Diversity of Cold Worlds: Predicted Near- to Mid-infrared Spectral Signatures of a Cold Brown Dwarf with Potential Auroral Heating
Genaro Suárez, Jacqueline K. Faherty, Ben Burningham, Caroline V. Morley, Johanna M. Vos, Brianna Lacy, Melanie J. Rowland, Adam C. Schneider, Sherelyn Alejandro Merchan, Daniella C. Bardalez Gagliuffi, Thomas P. Bickle, Eileen C. Gonzales, Rocio Kiman, Austin Rothermich, Niall Whiteford
TL;DR
This study investigates W1935, a cold brown dwarf with a prominent methane emission at $3.326\ rac{\mu}{m}$, to test whether upper-atmosphere heating (likely auroral) via a ~300 K thermal inversion shapes its spectrum. By extending retrieved spectra to 1–20 μm and comparing inversion vs non-inversion scenarios using HITRAN/ExoMol cross sections and the SEDA framework, the authors quantify the inversion's impact and contrast it with self-consistent atmosphere models (e.g., Sonora Elf Owl, LB23, ATMO 2020).

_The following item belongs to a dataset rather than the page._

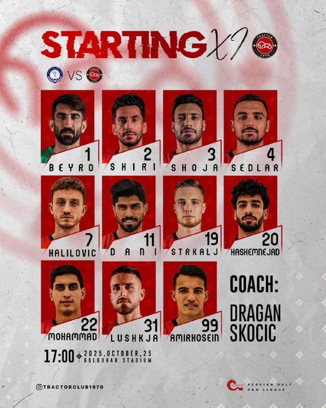 🏆 #لیگ_برتر | ترکیب تراکتور مقابل گل گهر / ساعت ۱۷:۰۰

They find atmospheric heating contributes about $15\%$ to the bolometric luminosity, mainly from wavelengths longer than ~5 μm, and that the inversion suppresses CH$_4$, H$_2$O, and NH$_3$ features at low pressures (~$0.002$–$0.04$ bar) while leaving CO/CO$_2$ from deeper layers largely unchanged; importantly, the inversion predicts a new methane emission at ~7.7 μm and possible NH$_3$ features, offering testable JWST predictions. Despite these spectral implications, W1935 appears as an outlier only in CMDs that include the Ch2 band (4.4 μm, CO/CO$_2$ sensitivity), and the observed CMD dispersion is not fully explained by heating alone, with binarity likely contributing to its overluminous position. Overall, the work highlights the spectral diversity of cold brown dwarfs, clarifies the role of aurora-driven heating in shaping mid-IR spectra, and provides concrete predictions for future observations to validate the inversion scenario.
Abstract
Recent JWST/NIRSpec observations have revealed strong methane emission at 3.326 microns in the $\approx$482 K brown dwarf CWISEP J193518.59$-$154620.3 (W1935). Atmospheric modeling suggests the presence of a $\approx$300 K thermal inversion in its upper atmosphere, potentially driven by auroral activity. We present an extension of the retrieved spectra of W1935 with and without inversion spanning 1--20 microns, to identify thermal inversion-sensitive spectral features and explore the origin of the object's peculiar characteristics. Our analysis indicates that atmospheric heating contributes approximately 15% to the bolometric luminosity. The model with inversion predicts an additional similar-strength methane emission feature at 7.7 microns and tentative ammonia emission features in the mid-infrared. Wavelengths beyond $\sim$2 microns are significantly influenced by the inversion, except for the 4.1--5.0 microns CO$_2$ and CO features that originate from atmospheric layers deeper than the region where the inversion occurs. W1935 appears as an outlier in Spitzer/IRAC mid-infrared color-magnitude diagrams (CMDs) based on the $m_{\rm Ch1}-m_{\rm Ch2}$ (IRAC 3.6 microns $-$ 4.5 microns) color, but exhibits average behavior in all other combinations that trace clear sequences. This anomaly is likely due to the Ch2 filter probing vertical mixing-sensitive CO$_2$ and CO features that do not correlate with temperature or spectral type. We find that the thermal inversion tends to produce bluer $m_{\rm Ch1}-m_{\rm Ch2}$ colors, so the overluminous and/or redder position of W1935 in diagrams involving this color cannot be explained by the thermal inversion. This analysis provides insights into the intriguing dispersion of cold brown dwarfs in mid-infrared CMDs and sheds light on their spectral diversity.